Let $f : X \to Y$ be an arbitrary function and define a relation $R \subseteq X \times X$ by
$R = \{ (x_1, x_2) : f(x_1) = f(x_2) \}$
Show that $R$ is an equivalence relation and describe its equivalence classes.
The provided solution was
For each $y \in Y$, the pre-image of $y$, usually denoted $f^{-1}(y)$, is an equivalence class.
I know that, for an equivalence relation on a set $A$, an equivalence class is defined as
$[a]_R = \{b \in A : (a, b) \in R \}$ for all $a \in A$.
Using the definition of an equivalence class, my impression was that we need to find the set of all elements $x_2 \in X$ such that $f(x_1) = f(x_2)$. But the provided solution does not seem to follow this definition, so I do not understand how it qualifies as an equivalence class?
I would greatly appreciate it if people could please take the time to clarify why the provided solution is correct and how it makes sense as an equivalence class, given the definition of equivalence class that I provided.
EDIT: If this solution is incorrect and/or incomplete, then what actually is the correct solution?
You are looking at the problem from the equivalence relation perspective.

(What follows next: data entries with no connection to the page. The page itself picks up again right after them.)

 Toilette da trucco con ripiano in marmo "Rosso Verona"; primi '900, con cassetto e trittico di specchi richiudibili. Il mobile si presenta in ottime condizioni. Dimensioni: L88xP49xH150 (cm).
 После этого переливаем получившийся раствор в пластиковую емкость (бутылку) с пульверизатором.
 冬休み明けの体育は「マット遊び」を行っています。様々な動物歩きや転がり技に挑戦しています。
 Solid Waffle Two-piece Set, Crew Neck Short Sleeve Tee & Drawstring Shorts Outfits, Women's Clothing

Given a relation $R$, it is an equivalence relation if it is reflexive, symmetric, and transitive. This is the definition and your solution is to prove that the given relation has those three features.

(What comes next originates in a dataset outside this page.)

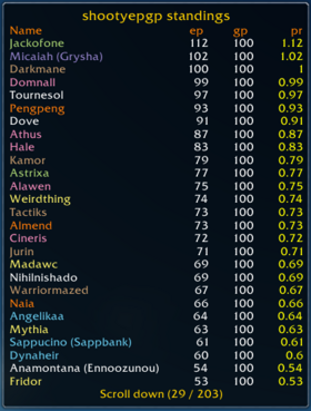 Right-click on mini-map or FuBar shootyepgp icon will show all available settings. Left-click shows the standings window with everyone's EP, GP and PR values. The standings window can also be toggled with /shooty show chat command.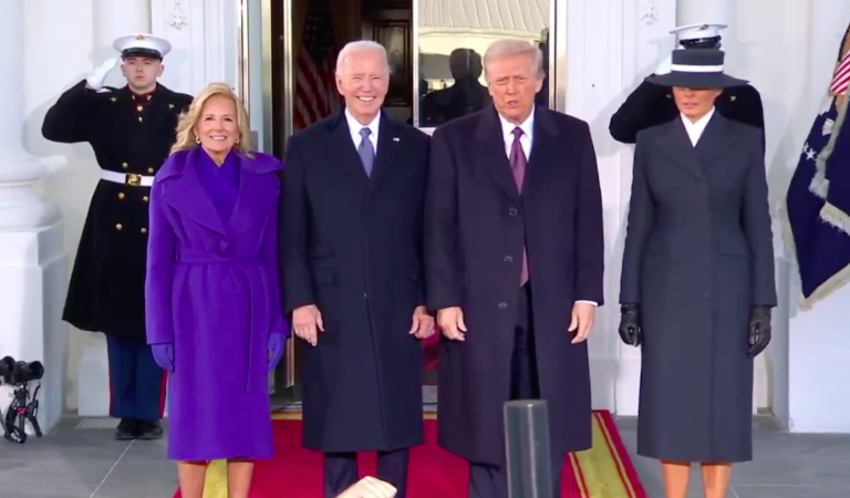 Trump llegó acompañado de su esposa, Melania, y fue recibido en el pórtico norte de la Casa Blanca por Biden y la primera dama, Jill Biden.

It seems the provided solution is taking a different perspective. One of the first things that one does with an equivalence relation is to use it to partition the set of definition of the relation into equivalence classes. The set, $X$ in this case, is partitioned into disjoint subsets whose union is the original set.
The missing piece seems to be that these two perspectives are the same. An equivalence relation defines a partition and a partition defines an equivalence relation (via $(x_1,x_2)\in R$ iff $x_1$ and $x_2$ are in the same subset in the partition).
Your solution used the first perspective, the provided solution uses the second perspective. The stumbling block seems to be recognizing that the two perspectives are equivalent.